Slowly, in painful increments, his eyes swiveled to meet hers. They were
not filled with the anger she had dreaded, only a wide river of fear coursing through their depths. “You’re going to ask him about it, aren’t you?”
He nodded. “I’m sure it’s not anything to worry about, but I do anyway. No amount of prayer seems to sponge that feeling away. It’s a burden I wrestle with every day.”
He looked so downtrodden, she embraced him then, pressing her cheek to his, desiring to ease the pain of the past. “You love him. That’s enough.”
He clutched at her, pressing his face into her neck, arms tight around her waist. “Ruby, my brother didn’t do anything wrong. I’ve got to believe that.”
She was not sure whether he was trying to convince himself, or her. The only thing that mattered was comforting him, taking some of the anguish on her own shoulders. “Do you want me to come with you when you talk to him?”
“I should do it myself, it’s my family shame we’re dealing with and I should want you as far away as possible.”
Her breath caught.
“But I find myself wanting you with me every moment, even when the moments are bad.”

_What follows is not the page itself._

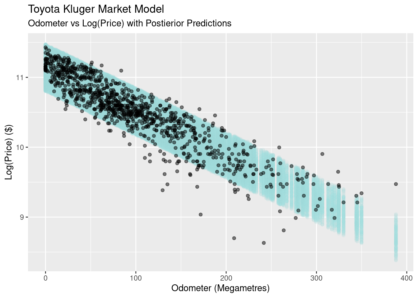 While I do have these variables available to me, I’d like to start with the most simple model I can: log of the price predicted by the odometer (in megametres). In doing this I’m leaving a lot of variability on the table, so the model’s ability to predict is likely going to be hampered. But better to start simple and build up.
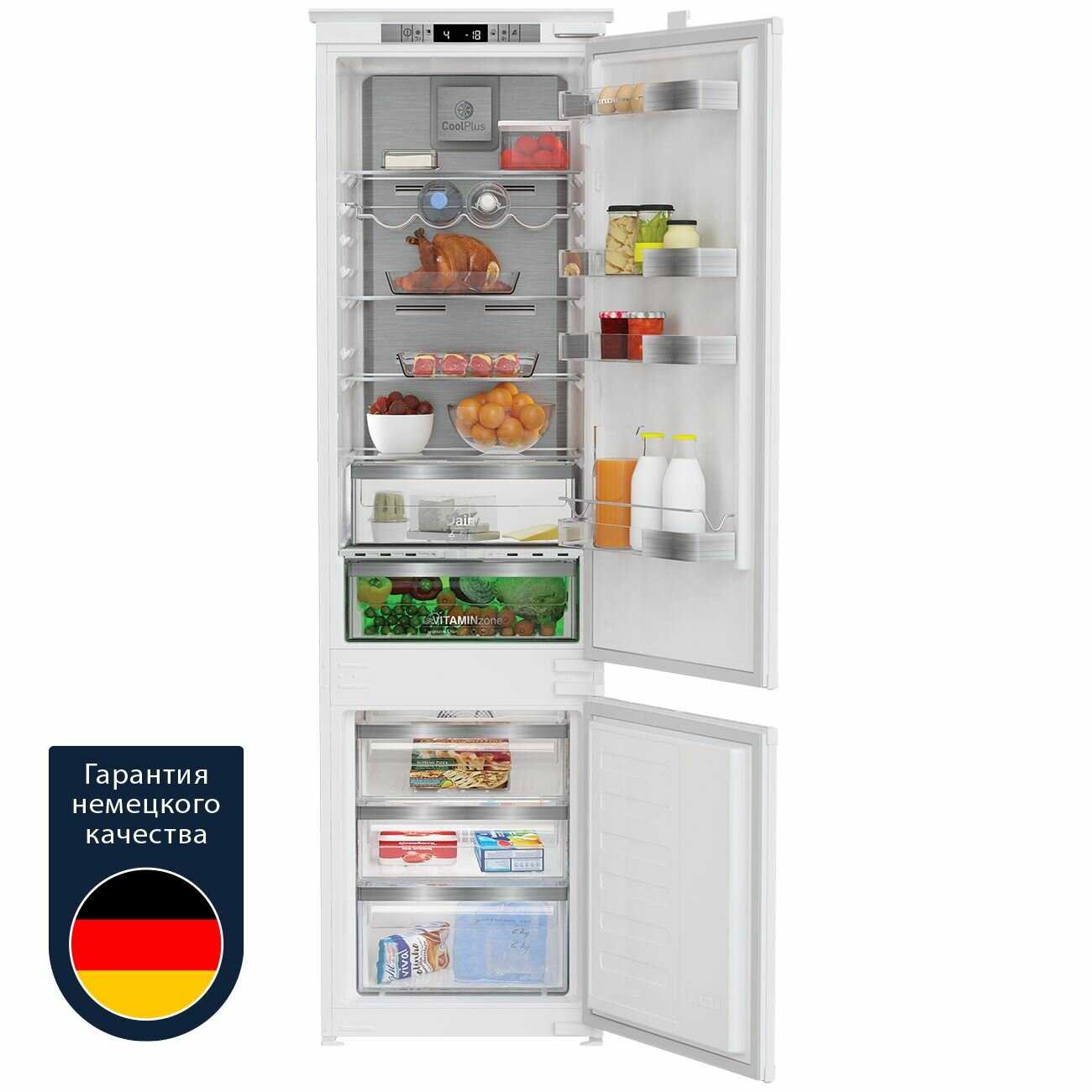 Общий полезный объем около 300 литров (часто указывается ~284 л холодильной камеры + морозильная). Многие пользователи, включая семьи из 4-6 человек, подчеркивают его исключительную вместительность как для встраиваемой модели, особенно отмечая просторную морозильную камеру и продуманное расположение полок.

His eyes held hers, his grip around her waist gentling, and he leaned down toward her. “Ruby, there is something indescribably beautiful about you that I can’t get enough of.”
A cascade of longing, fear and sweetness coalesced in her belly. She wanted to say something flip, a clever witticism to break the wonderful, terrible intensity she felt inside. Then his mouth covered hers and his kiss touched her deep inside, in the lonely darkness where no light could find its way. She felt transported to another place where love was stronger than loss.
“I have to find out the truth,” he whispered. “And I want you with me.”
Though her knees wobbled from the aftermath of the kiss, she followed him as he took her hand and walked toward his truck. Breathing hard and trying to unmuddle the mess of tangled emotions inside, she almost plowed into him from behind when he stopped suddenly.
“What’s that?”
She followed his gaze to a scrap of paper tacked to the small announcement board where they posted pictures of the new hatchlings and informational flyers for people to take.